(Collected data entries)
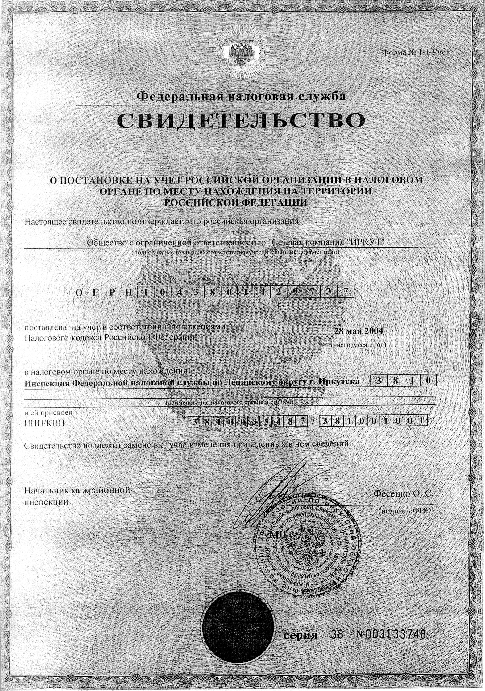 Свидетельство о постановке на учет в налоговом органе
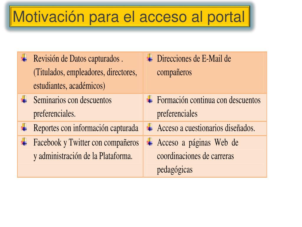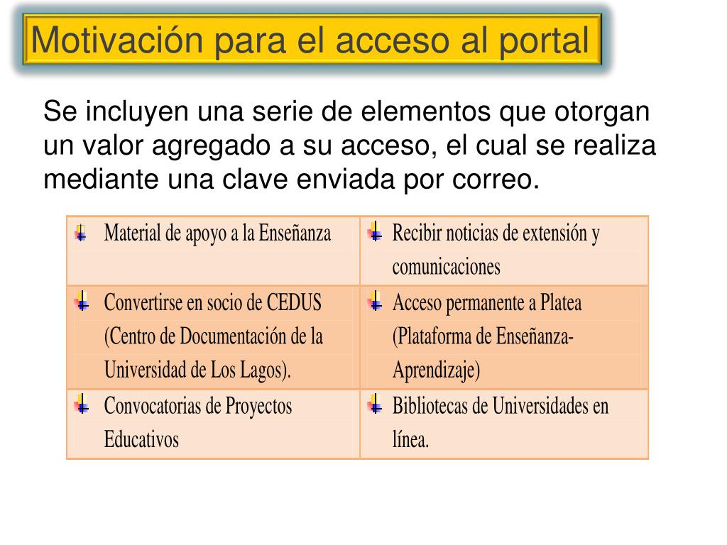 Motivación para el acceso al portal Se incluyen una serie de elementos que otorgan un valor agregado a su acceso, el cual se realiza mediante una clave enviada por correo.
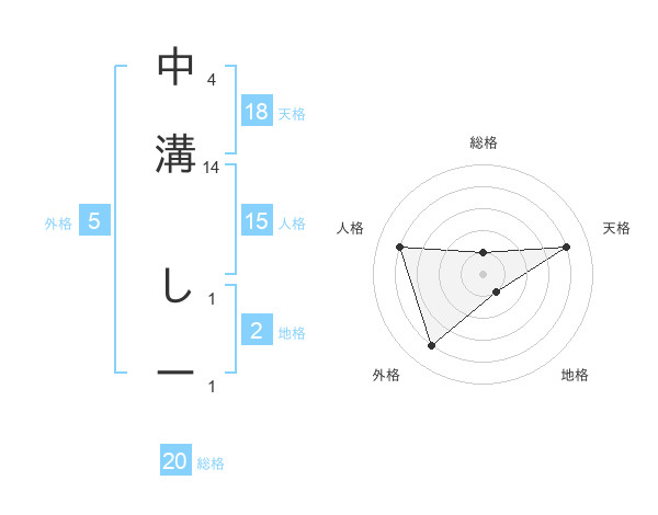 中溝 しーさんの総格は20画の1点!
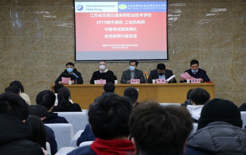 为进一步开展好德国手工业行会工业机电师培养项目,不断总结经验和成果,激励同学们将更多的精力投入到项目学习中,机电工程学院与德国手工业行会中国项目办于2022年12月14日下午,在锡澄校区举行了2019级工业机电师中期考试颁奖典礼。学校党委委员、副校长耿兴华,德国手工业行会中国项目办总负责人邓珂博士、机电工程学院院长夏春荣、德国手工业行会教官Andreas Meyer、学院优秀教师、家长代表、全体2019级中德班学生等参加了本次颁奖典礼,会议由机电工程学院副院长俞浩主持。
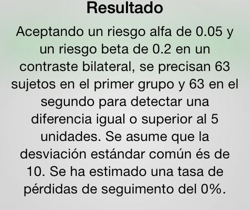 Nos dice que hemos de usar 63 pacientes por grupo que es lo que han hecho los que han planteado el estudio comentado. Esto significa que si la diferencia es mayor de 5 unidades del índice SF-36 lo detectaremos como estadísticamente significativo.
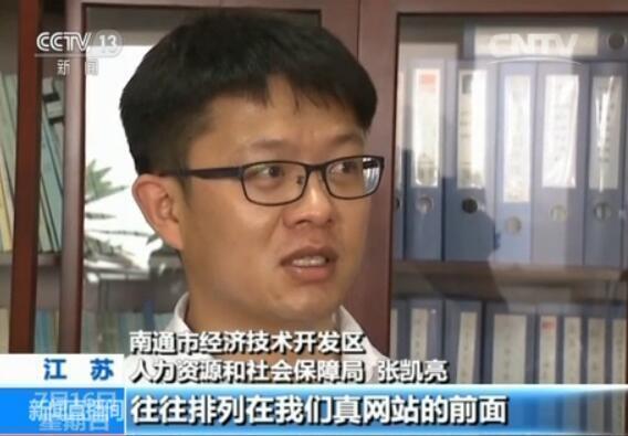 张凯亮是南通经济技术开发区人社局的一名工作人员。一次在搜索本单位的官网时,他发现竟有另一个网站与官网同名,真假难辨,而假冒网站甚至会排在真正官网的前面。而在仿冒网站会有仿冒的查询窗口,查询职称认定信息,而原有的官方网站则并没有这样的功能。
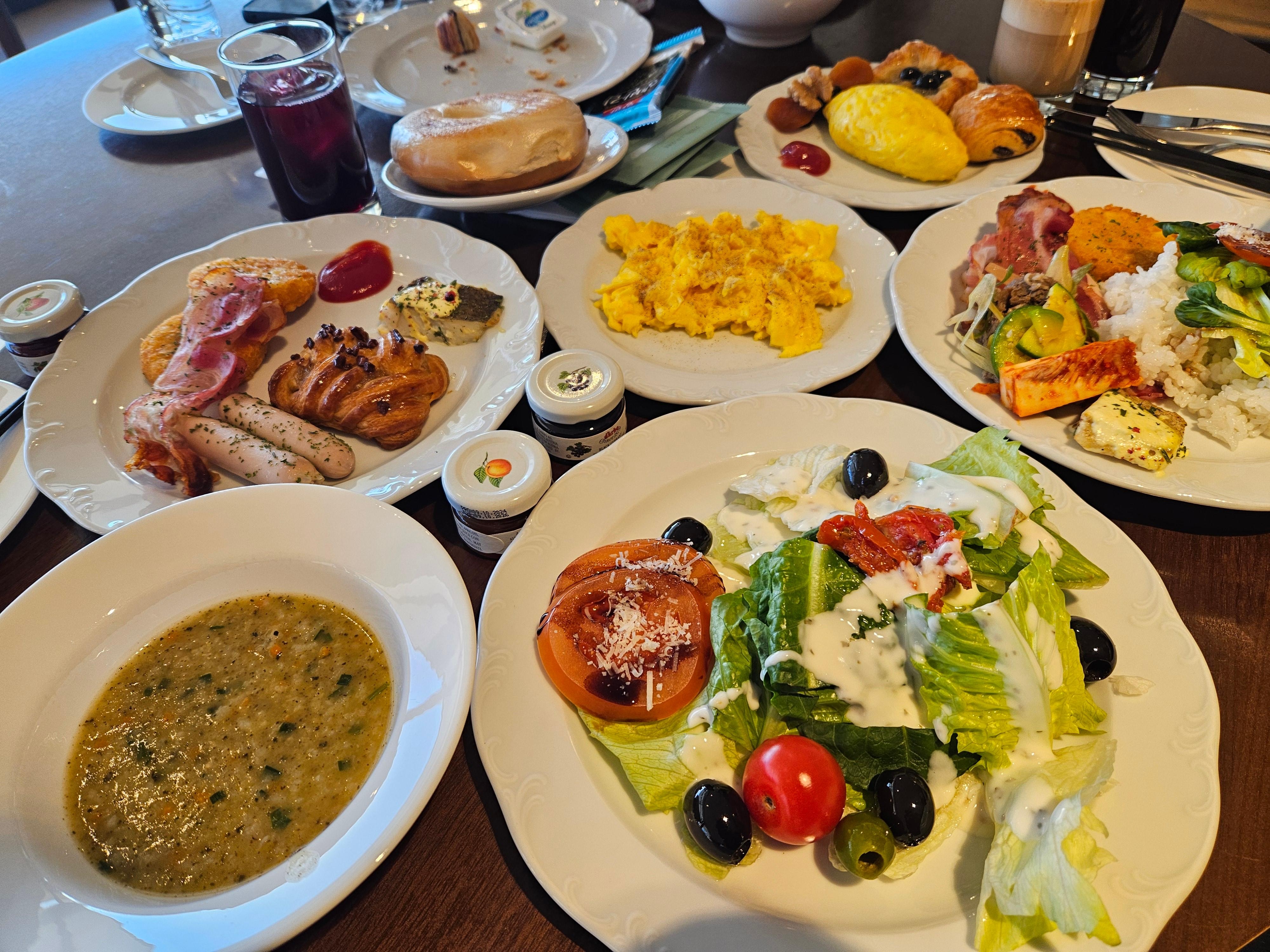 Breakfast on the upper floor had a beautiful view and great atmosphere. Most of the food was good, though one fish dish was just okay. The coffee machine was also a bit complicated to use and could be more user-friendly.

# [The task]
Except for the pictures, set down each line of the records exactly as it appears.

# [Written response]
 Свидетельство о постановке на учет в налоговом органе
 Motivación para el acceso al portal Se incluyen una serie de elementos que otorgan un valor agregado a su acceso, el cual se realiza mediante una clave enviada por correo.
 中溝 しーさんの総格は20画の1点!
 为进一步开展好德国手工业行会工业机电师培养项目,不断总结经验和成果,激励同学们将更多的精力投入到项目学习中,机电工程学院与德国手工业行会中国项目办于2022年12月14日下午,在锡澄校区举行了2019级工业机电师中期考试颁奖典礼。学校党委委员、副校长耿兴华,德国手工业行会中国项目办总负责人邓珂博士、机电工程学院院长夏春荣、德国手工业行会教官Andreas Meyer、学院优秀教师、家长代表、全体2019级中德班学生等参加了本次颁奖典礼,会议由机电工程学院副院长俞浩主持。
 Nos dice que hemos de usar 63 pacientes por grupo que es lo que han hecho los que han planteado el estudio comentado. Esto significa que si la diferencia es mayor de 5 unidades del índice SF-36 lo detectaremos como estadísticamente significativo.
 张凯亮是南通经济技术开发区人社局的一名工作人员。一次在搜索本单位的官网时,他发现竟有另一个网站与官网同名,真假难辨,而假冒网站甚至会排在真正官网的前面。而在仿冒网站会有仿冒的查询窗口,查询职称认定信息,而原有的官方网站则并没有这样的功能。
 Breakfast on the upper floor had a beautiful view and great atmosphere. Most of the food was good, though one fish dish was just okay. The coffee machine was also a bit complicated to use and could be more user-friendly.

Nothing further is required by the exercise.